Finite-source attributes of 39 M 3.9 to 5.5 Ridgecrest, California earthquakes
Haoran Meng
University of California, San Diego
- Date & Time
- Location
- Online-only seminar via Microsoft Teams
- Host
- Jeffrey McGuire
- Summary
Resolving earthquake rupture processes is essential for understanding earthquake physics and determining seismic hazards. However, it remains challenging to directly solve the finite-source attributes of moderate and small earthquakes; rupture processes of such events are traditionally resolved using spectral methods in the frequency domain. In this study, we apply a time-domain approach that makes minimal assumptions to estimate the second-degree seismic moments of 39 M 3.9 to 5.5 earthquakes from the 2019 Ridgecrest, California sequence. The second moments can characterize earthquake finite-source attributes, including the rupture length, width, duration, velocity, and directivity. We also quantify the finite-source model uncertainties by examining both model assumptions and data imperfections. These evaluations show that our second moments method can robustly resolve the earthquake rupture length and duration.
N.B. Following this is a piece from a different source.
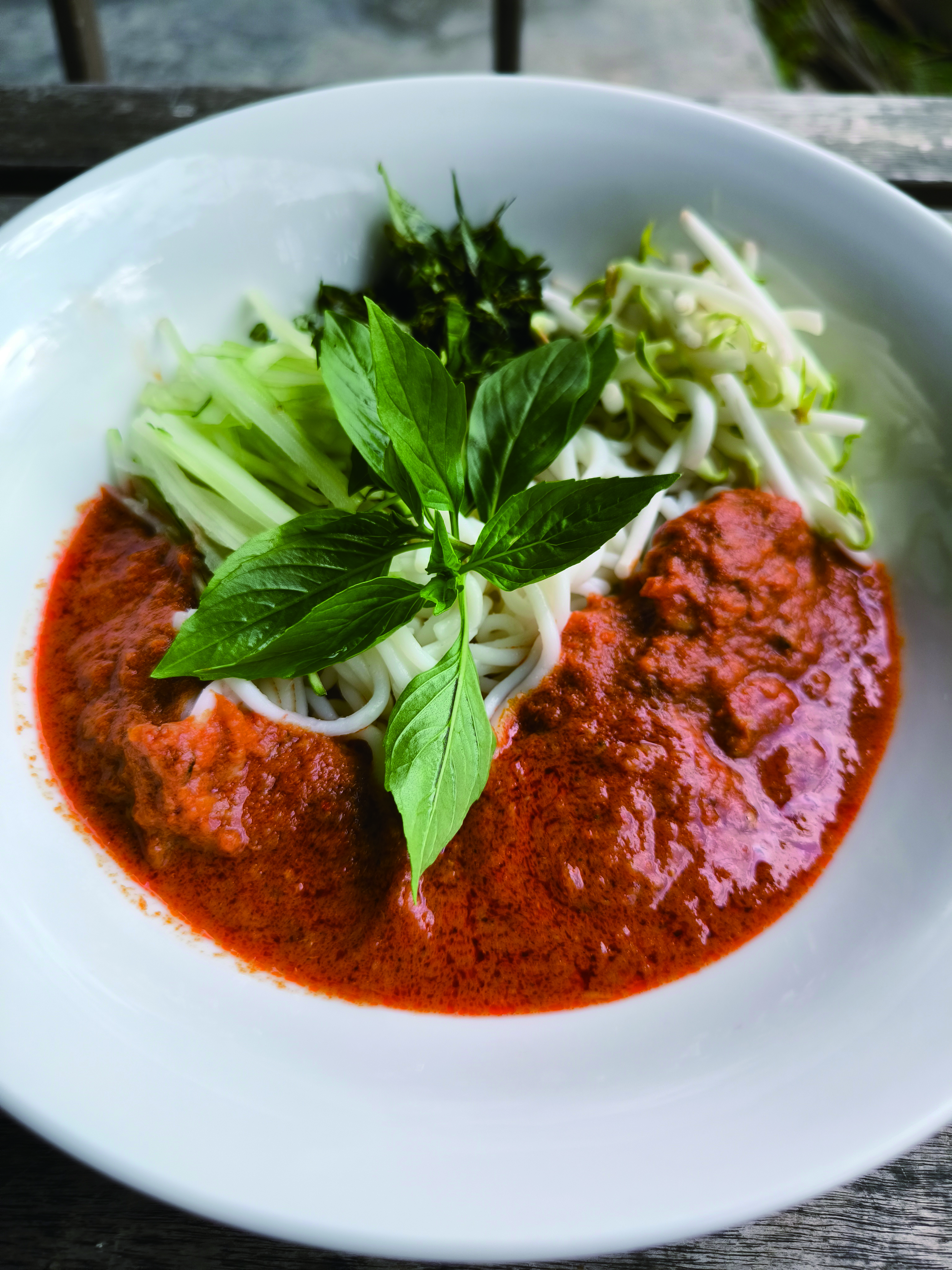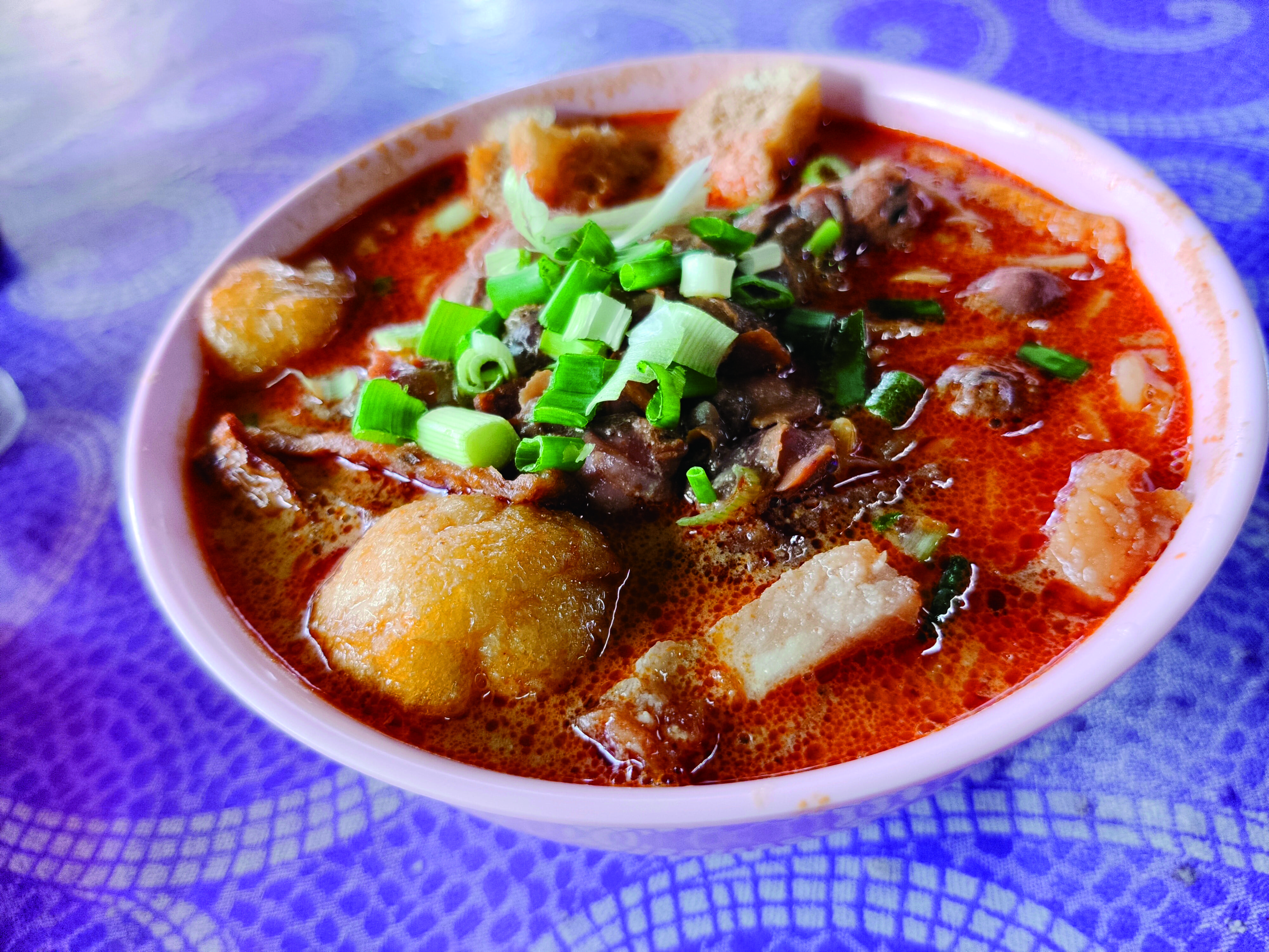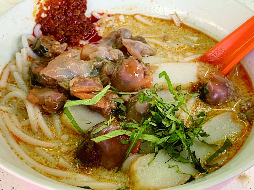 往北輻射,沿著西北部海岸繼續延伸,則發展出「咖哩叻沙」(Curry Laksa),在檳城稱之為咖哩麵。一道食物能歷經不同族裔之手,一次次吸收、組合、再創,足以證明它廣被喜愛和接納。這款檳城咖哩麵的風味最接近華人手法,辛度較低,香氣多層次,且充滿椰漿濃郁感;配菜也甚有意思,裡面有潮汕人標誌——血蛤(Tegillarca granosa),還有油泡(大馬稱豆卜)吸收湯汁精華。檳城在二 八年被列為世界文化遺產後,遊客蜂擁而至,另一款「白咖哩麵」(White curry mee)突然出現,強調來自椰漿的白湯底,風味讓人驚豔。

The rupture width, velocity, and directivity ratio may suffer uncertainties when the network configuration is less optimal. The resolved finite-source attributes of the 39 earthquakes show no clear spatial patterns. Most of these earthquakes ruptured bilaterally with a median scaled rupture-speed of 69% of the local shear-wave speed. On average, the rupture length is 3.0 times the rupture width, deviating away from a circular crack. With the kinematic attributes, we compute the earthquake static stress-drop and obtained a median stress-drop estimate of 35.2 MPa with a median lower bound of 1.8 MPa assuming an elliptical crack model. We show that model assumptions can lead to up to two orders of magnitude differences in the stress-drop estimates for the same earthquakes with the same set of measurements.